A formal glossary entry defining AI hallucination in the legal context — fabricated case citations, distorted holdings, and false procedural information — and explaining the governing legal frameworks (Rule 11, ABA Model Rules, inherent authority), the documented sanctions spectrum, and attorney verification obligations.

Primary source: NCSC AI Hallucination Guidance (March 12, 2026); ABA Formal Opinion 512 (2024); FRCP Rule 11(b)(2)-(3); Chambers v. NASCO, 501 U.S. 32 (1991); ABA Model Rules 1.1, 3.3, 5.3
A judge's gavel rests on a law book with a circuit-board pattern in the binding. A faint red error bracket glitches around a fabricated case citation showing a docket number and case name with ghost artifacts. A thin line connects the gavel to the citation with a 'Sanction' label.
AI-generated false citations are subject to court sanction under existing legal authority.

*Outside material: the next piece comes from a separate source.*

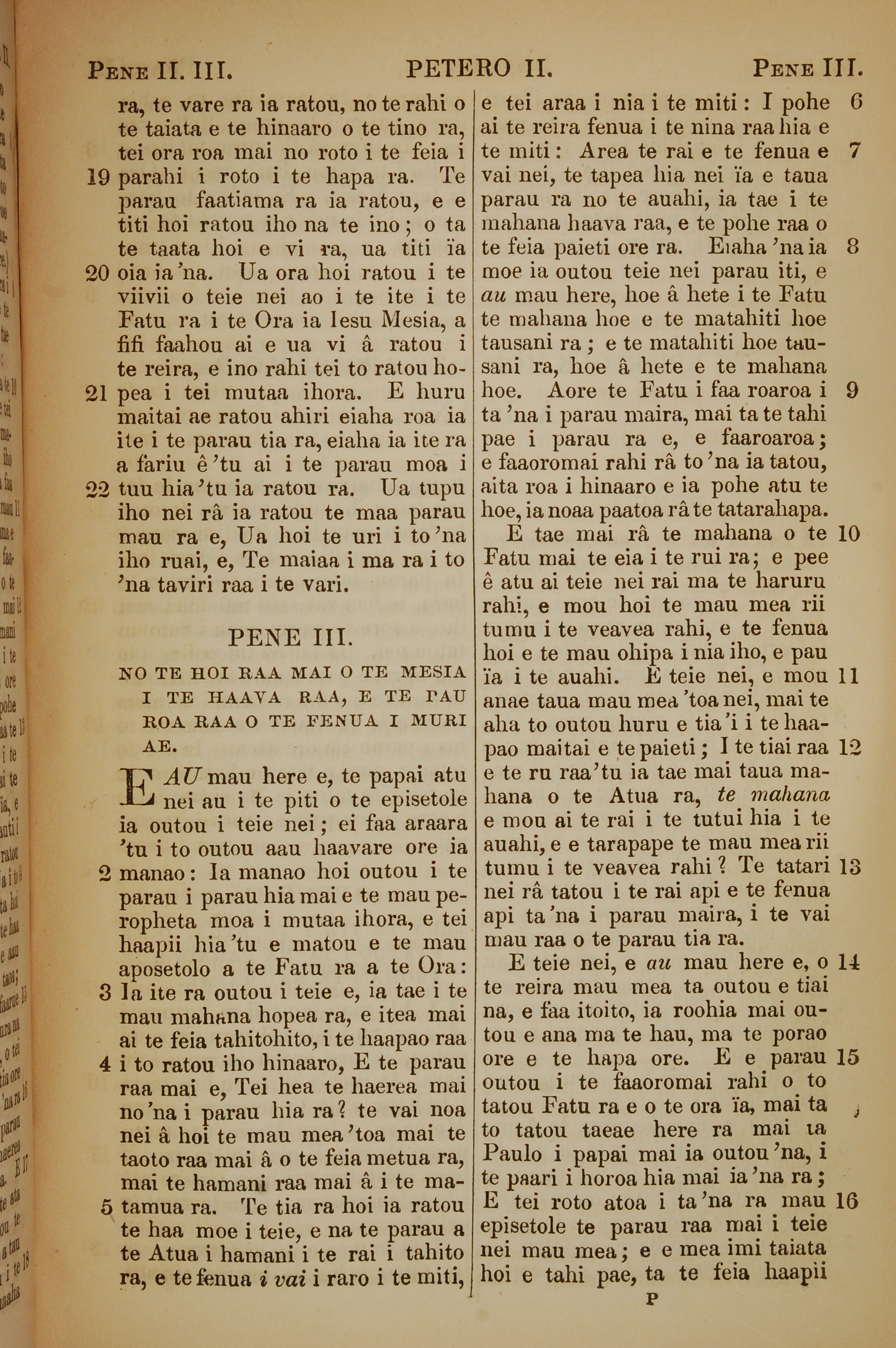 1853年塔希提语新约全书 彼得后书 2 章 19 节到 3 章 16 节

In the legal context, an AI hallucination is the generation by a large language model of fabricated case citations, distorted holdings, invented statutes, or false procedural information that appears authentic but is incorrect. The National Center for State Courts (NCSC) defines it as the generation of "fabricated case citations, distorted holdings, or false procedural information that appears authentic but doesn't exist or is factually incorrect." This is distinct from a general AI hallucination — where a model might describe a non-existent historical event or invent a product feature — because a legal hallucination directly undermines the integrity of the judicial record and the attorney's duty of candor to the tribunal.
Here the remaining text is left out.